Data block —
......
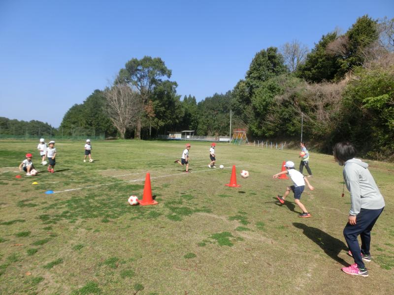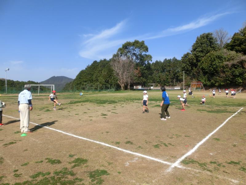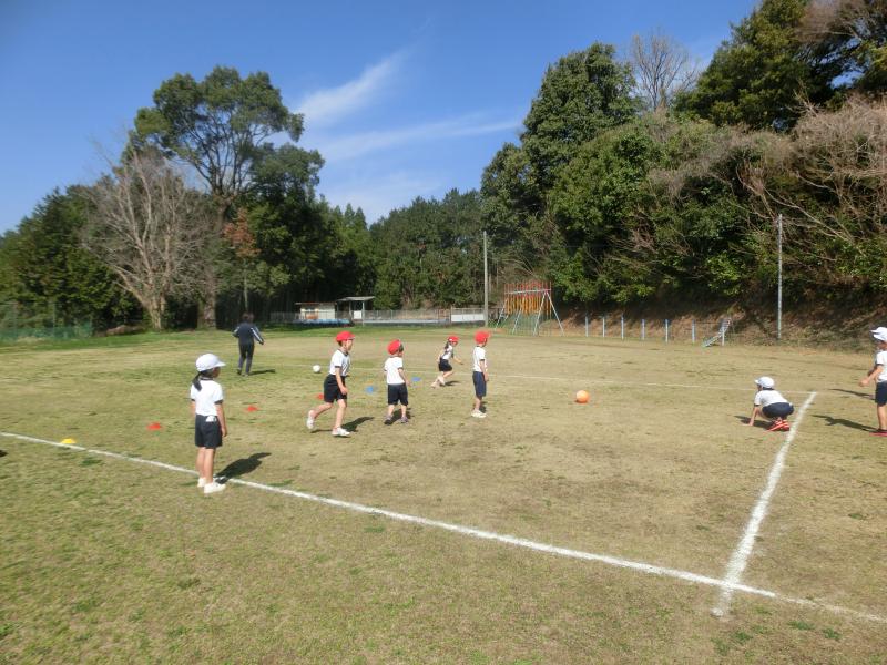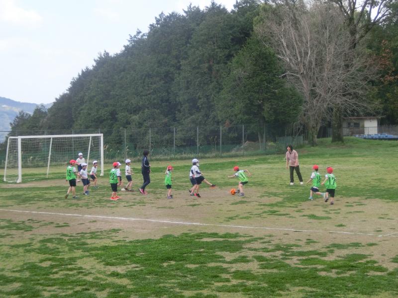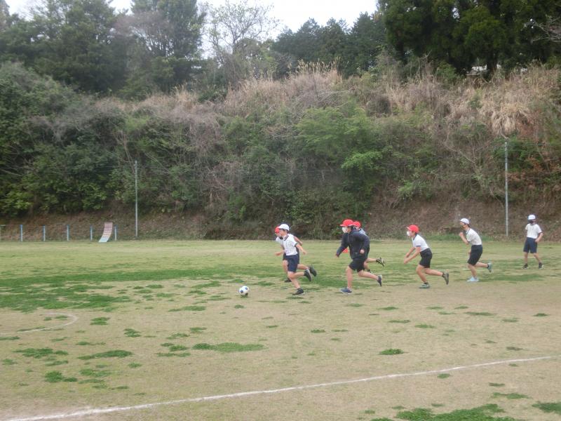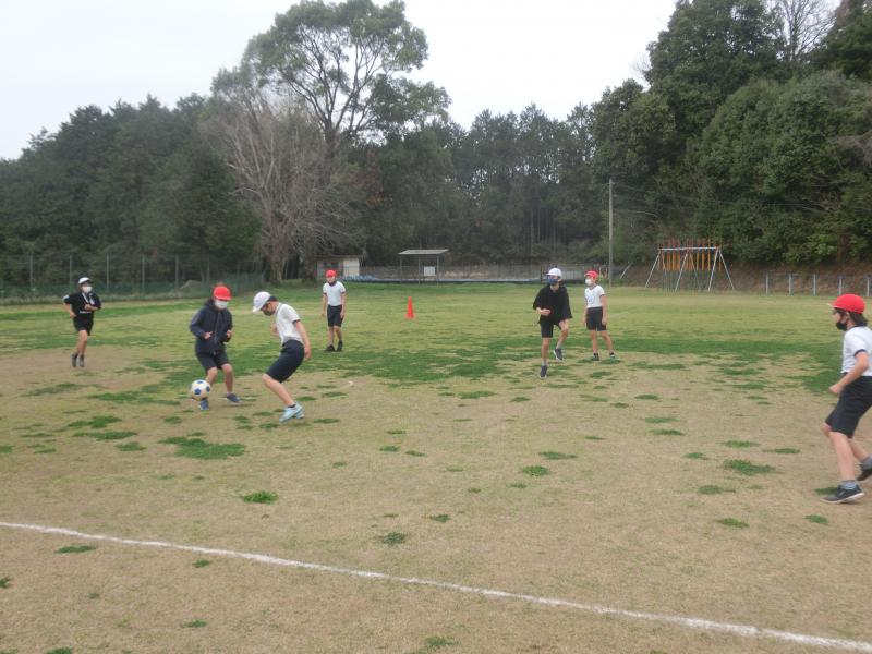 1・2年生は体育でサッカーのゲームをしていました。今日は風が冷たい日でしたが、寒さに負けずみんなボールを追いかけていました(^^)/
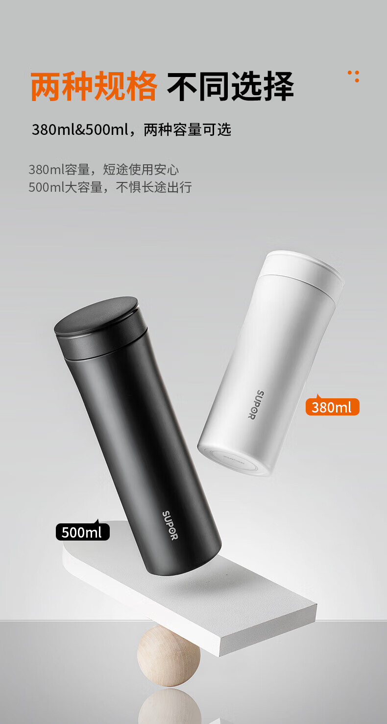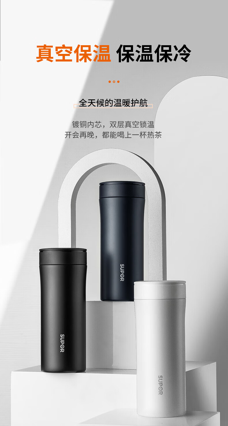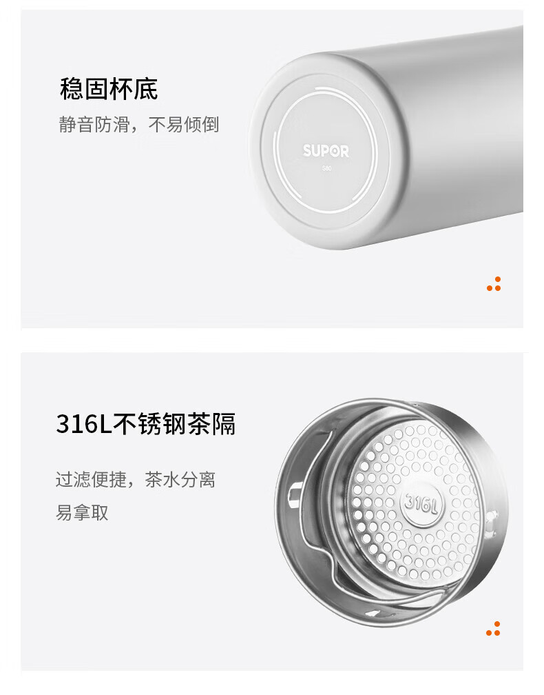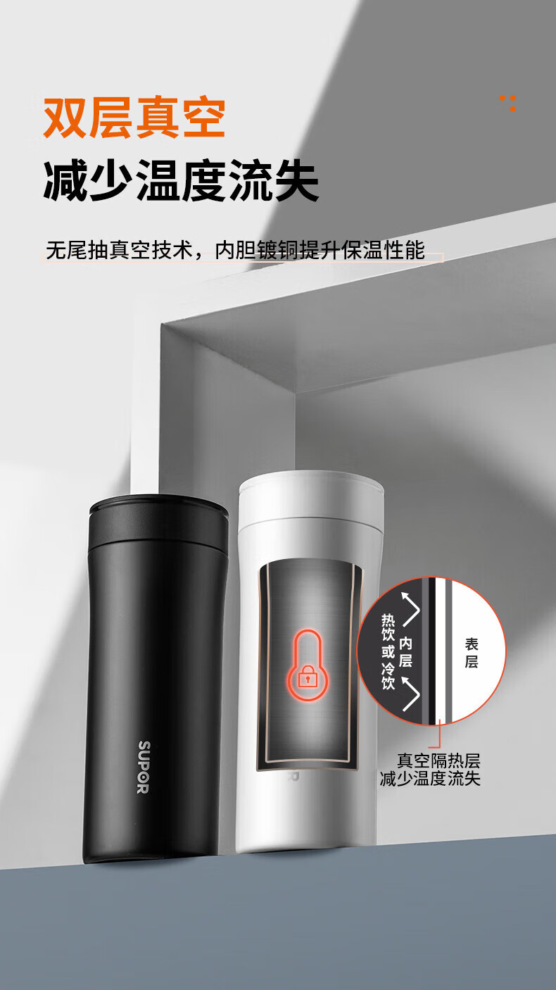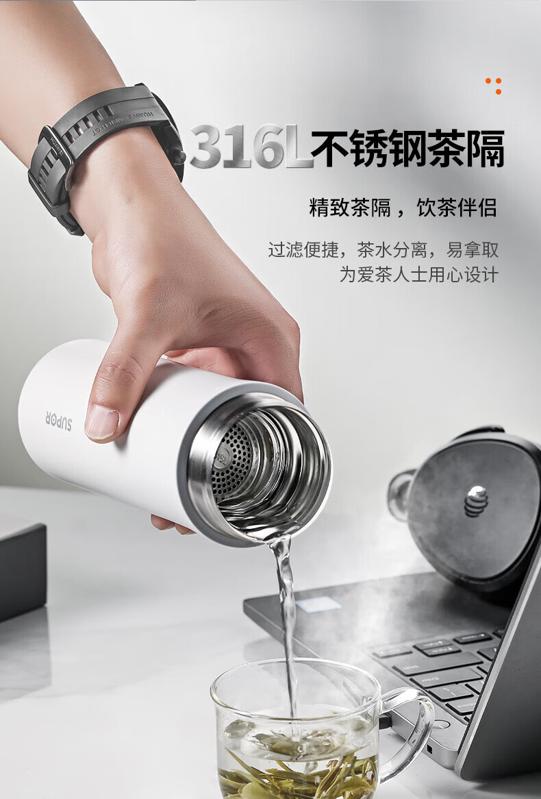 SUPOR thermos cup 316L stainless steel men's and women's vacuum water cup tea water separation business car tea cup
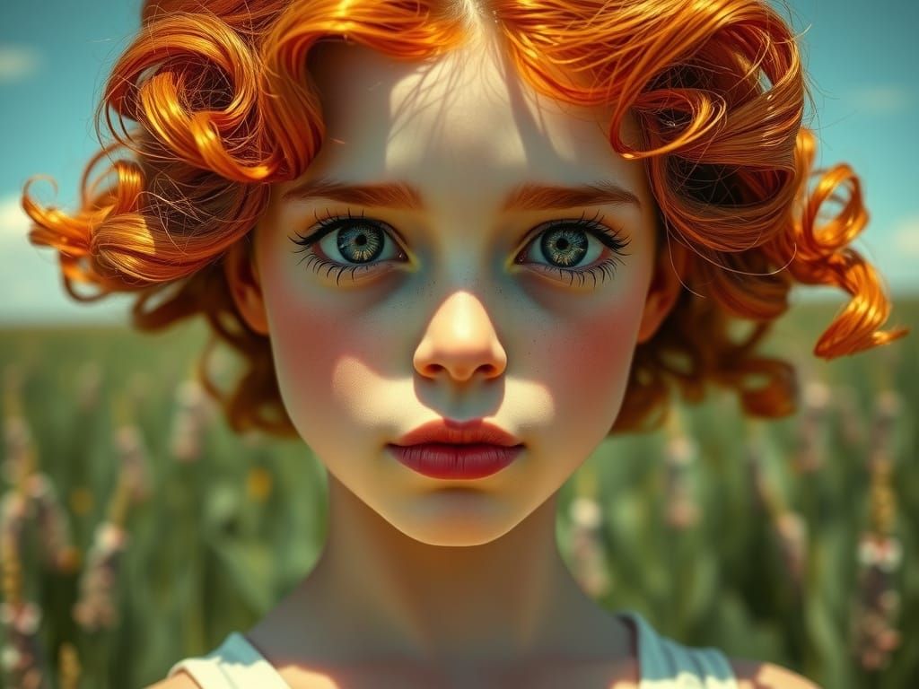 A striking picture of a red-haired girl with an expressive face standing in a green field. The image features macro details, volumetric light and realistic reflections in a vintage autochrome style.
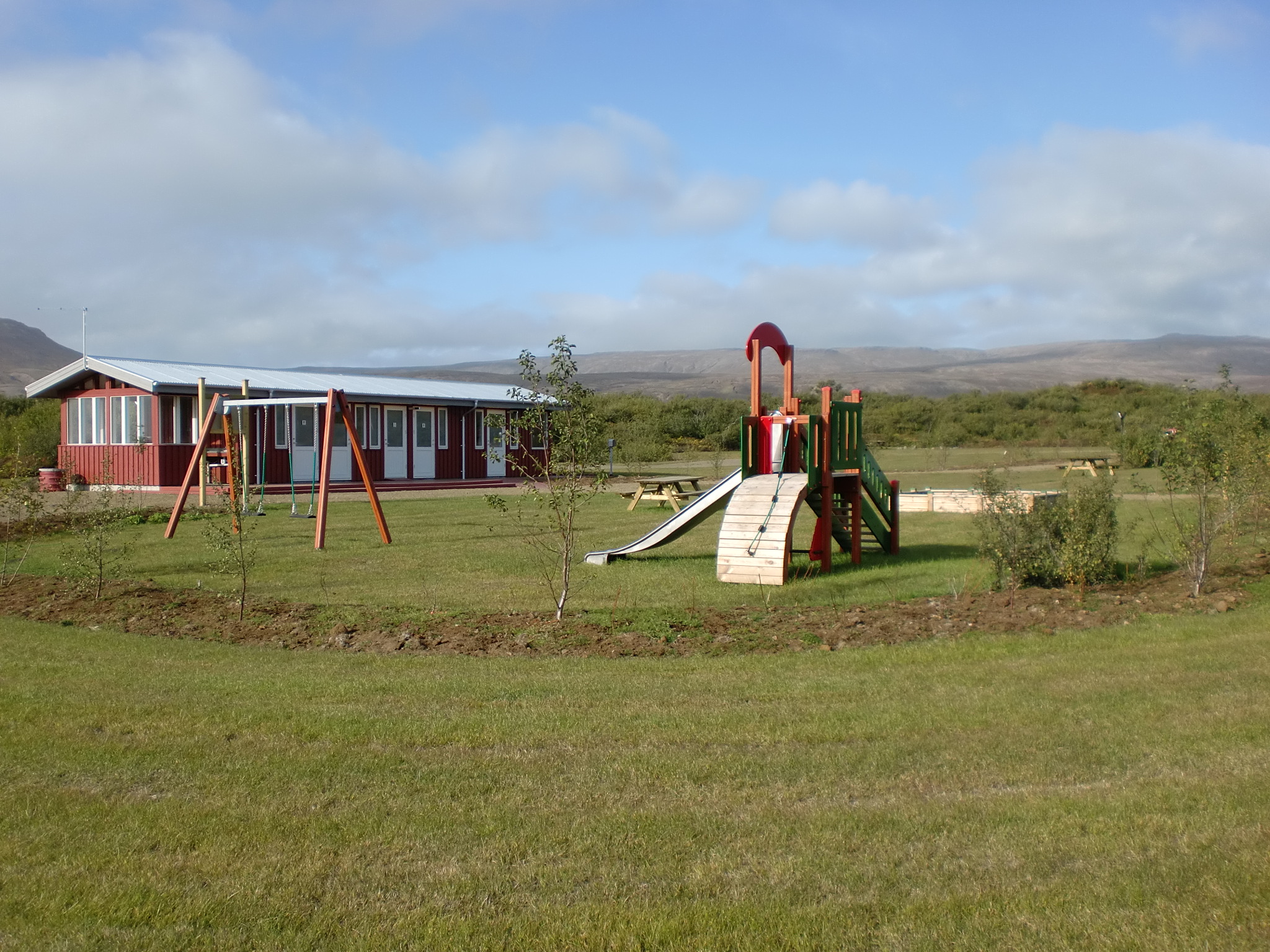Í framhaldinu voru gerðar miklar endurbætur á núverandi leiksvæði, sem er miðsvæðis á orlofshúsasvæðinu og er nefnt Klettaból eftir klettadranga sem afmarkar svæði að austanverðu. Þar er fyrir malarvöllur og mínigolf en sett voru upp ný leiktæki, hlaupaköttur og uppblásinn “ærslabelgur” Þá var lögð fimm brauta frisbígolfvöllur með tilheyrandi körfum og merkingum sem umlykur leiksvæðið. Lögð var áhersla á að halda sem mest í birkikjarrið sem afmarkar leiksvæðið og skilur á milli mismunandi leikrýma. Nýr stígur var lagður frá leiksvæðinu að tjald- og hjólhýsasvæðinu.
......
Problem statement — Would you copy the lines from the one holding "SUPOR thermos cup" down to the last line of the material, both included, exactly and with nothing added, skipping the pictures?

Solution for this task —
 SUPOR thermos cup 316L stainless steel men's and women's vacuum water cup tea water separation business car tea cup
 A striking picture of a red-haired girl with an expressive face standing in a green field. The image features macro details, volumetric light and realistic reflections in a vintage autochrome style.
Í framhaldinu voru gerðar miklar endurbætur á núverandi leiksvæði, sem er miðsvæðis á orlofshúsasvæðinu og er nefnt Klettaból eftir klettadranga sem afmarkar svæði að austanverðu. Þar er fyrir malarvöllur og mínigolf en sett voru upp ný leiktæki, hlaupaköttur og uppblásinn “ærslabelgur” Þá var lögð fimm brauta frisbígolfvöllur með tilheyrandi körfum og merkingum sem umlykur leiksvæðið. Lögð var áhersla á að halda sem mest í birkikjarrið sem afmarkar leiksvæðið og skilur á milli mismunandi leikrýma. Nýr stígur var lagður frá leiksvæðinu að tjald- og hjólhýsasvæðinu.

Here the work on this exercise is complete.